Naturalmente, le tensioni commerciali USA–Cina hanno fatto la loro parte nell’indebolire la moneta cinese. L’annuncio della scorsa settimana che gli Stati Uniti avrebbero daziato del 10% altri 300 miliardi di dollari di beni cinesi, ha provocato forti svendite da parte degli investitori in cerca di paradisi più sicuri ed ha sollevato preoccupazioni in Cina per una fuga di capitali.
La Banca Popolare Cinese (PBoC) viene accusata da Washington di manipolazione della valuta. In realtà sta soltanto cercando di proteggere la propria moneta dalla svalutazione del mercato.
Quanto dobbiamo preoccuparci?
Come noto, i movimenti delle valute più importanti del mondo incidono anche sui nostri costi e sui nostri interessi commerciali, a volte in modo inaspettato.
Per esempio, per chi importa beni cinesi, la debolezza del renminbi potrebbe essere una buona notizia, in quanto può beneficiare di prezzi più bassi.
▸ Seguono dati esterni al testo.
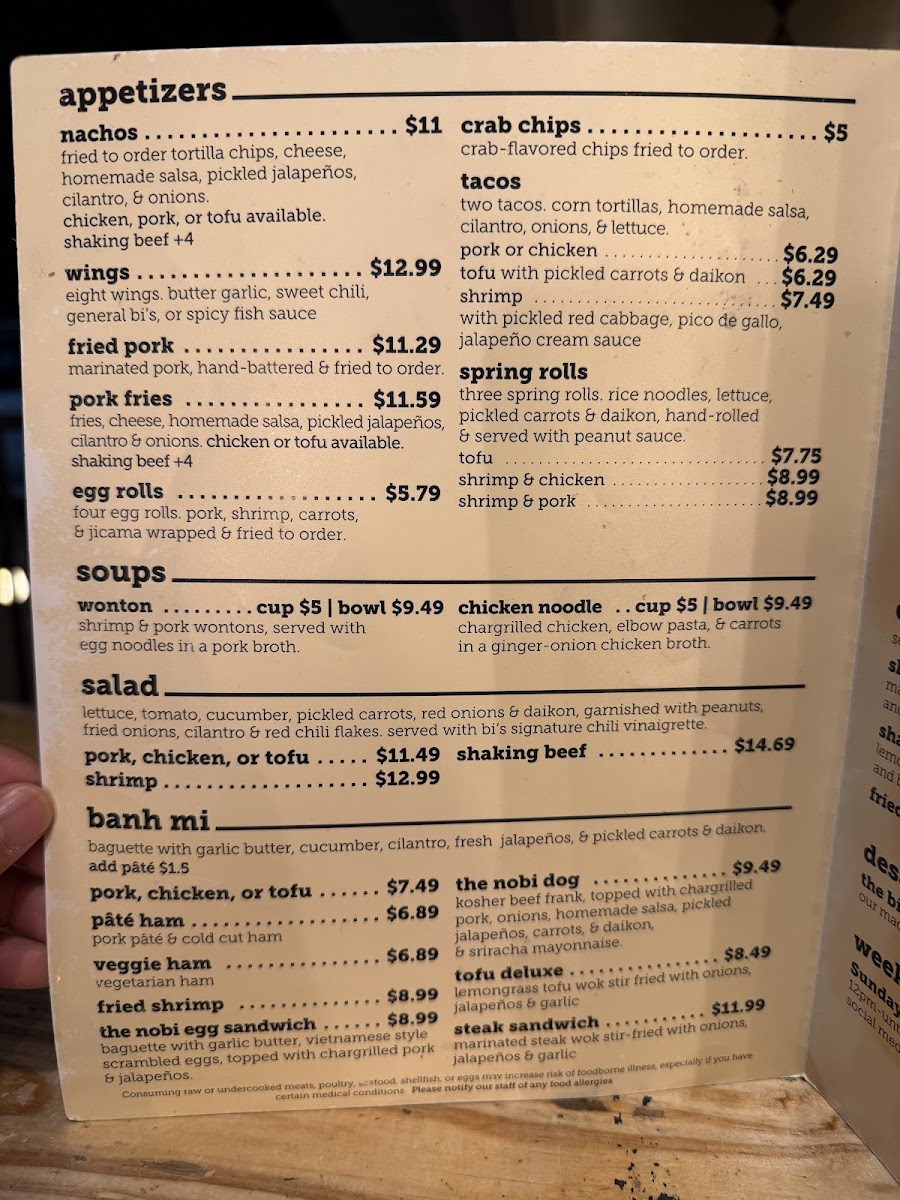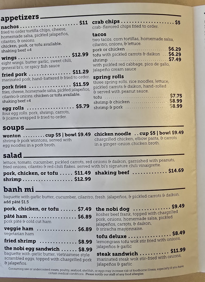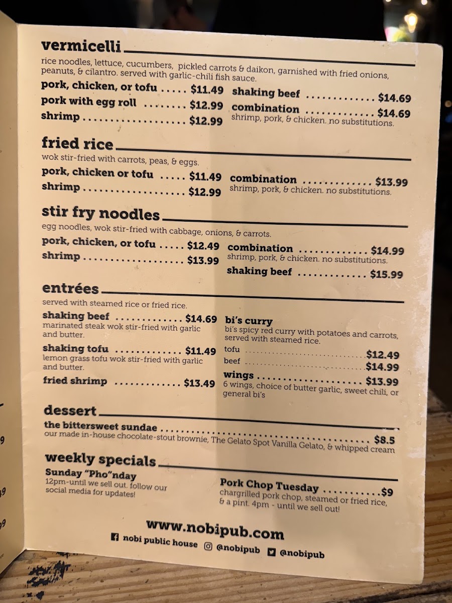 The menu at Nobi Public House features a variety of Asian fusion dishes alongside a selection of bar-style offerings. It is organized into several categories, including appetizers, stir fry noodles, and sauces, with an emphasis on combining Vietnamese-inspired flavors with classic pub fare.

Al contrario, per gli esportatori in Cina, i prezzi in renminbi saranno più alti, scoraggiando i consumatori cinesi dall’acquisto.
Ma l’effetto della svalutazione dello yuan si estende oltre il semplice commercio internazionale.
I soldi che scappano dalla Cina si riversano in paradisi sicuri come lo yen. Infatti, la valuta giapponese ha raggiunto i 105,99 dollari, il suo livello più alto dall’inizio del 2018. Di conseguenza, uno yen più forte renderà le merci importate dal Giappone più costose per i consumatori stranieri.
Non sorprende che tutti questi sconquassi abbiano spaventato i mercati azionari. Purtroppo, i peggiori timori dei mercati si stanno avverando: la guerra commerciale tra gli Stati Uniti e il gigante asiatico si sta trasformando in una guerra valutaria.